La gente oyó el eco de sus últimos días en Egipto. Sus antepasados, los esclavos recién liberados, también fueron confundidos por el mal que habían experimentado. D’s había estado distante por muchos años. Moisés fue instándolos a abandonar lo conocido. El pueblo sabía que estaban a punto de salir, pero no a dónde se dirigían. Dios desafió a la experiencia de su grandeza interior en Shabat HaGadol. Les pidió que se enfrentaran a sus antiguos amos y mostraran su desdén por los dioses egipcios. La gente aceptó el reto y se convirtió en Guedolim – experimentaron Gadlut – Grandeza.

Malaquías  le habló a su generación, para poder hacer lo mismo, los Instó a que  encontraran su grandeza dentro de sí mismos, no de la profecía. Este gran líder conectó a todos los miembros de la nación el uno al otro, empujando a aceptar la responsabilidad mutua. Malaquías les enseñó que su percepción de sí mismos como una nación vinculada les permitían soportar todos los desafíos por delante, hasta que Elías

llegara con su mensaje de redención. Malaquías lo vinculó a nosotros, y nos presentó a la poderosa fuerza, el jesed – Fuerza de la Vida-que ha sabido mantener con nosotros a través del tiempo. Esta conexión entre sí  probaría ser una conexión aún más potente con Dios que la profecía. Que todos los méritos para presenciar el cumplimiento de las últimas palabras de este último profeta: “¡He aquí! Yo os envío al profeta Elías, antes del día grande y terrible de D’s. Se restaurará el corazón de los padres a los niños y el corazón de los niños a sus padres”.

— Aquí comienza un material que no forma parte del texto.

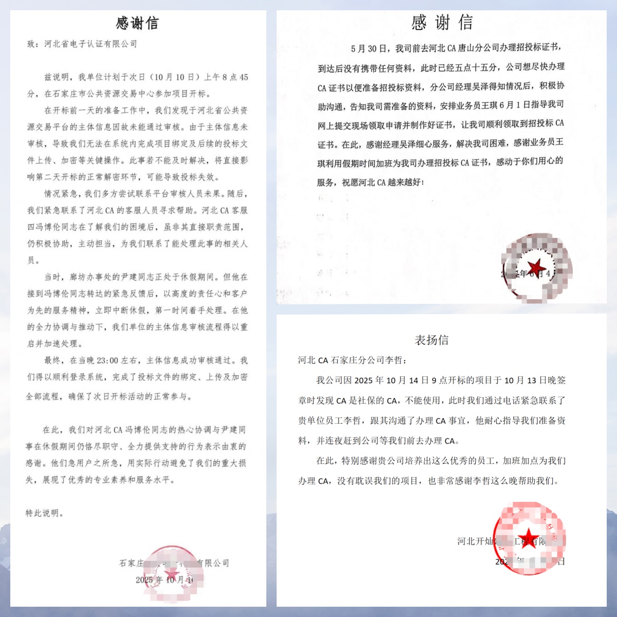 回望2025年,對于河北CA而言,是深耕服務、收獲認可的一年,更是與每一位客戶雙向奔赴、共赴成長的一年。這一年里,我們的辦公桌上,漸漸堆滿了來自四面八方的驚喜——40余封飽含深情的表揚信、10余面熠熠生輝的錦旗,它們來自公共資源領域、醫院機構的合作伙伴,來自深耕實業的大小企業,也來自信賴我們的每一位個人用戶,每一面錦旗、每一行字跡,都是對河北CA服務最真摯的肯定,更是我們前行路上最珍貴的動力。

Por eso queridos amigos, yo no sé si el Mashiaj llegará mañana o pasado, es más, realmente no se si llegará en mis días (que no me lea un meshijista), pero lo que sí se y estoy convencido es que para poder transitar los días hasta su llegada, la mejor manera de transcurrir este tiempo es conectándonos con D’os mediante las distintas formas que la Torah nos enseña. Por eso les deseo que en esta semana que nos queda antes de Pesaj podamos conectarnos y transcurrir de la mejor manera, hasta que la nueva era llegue.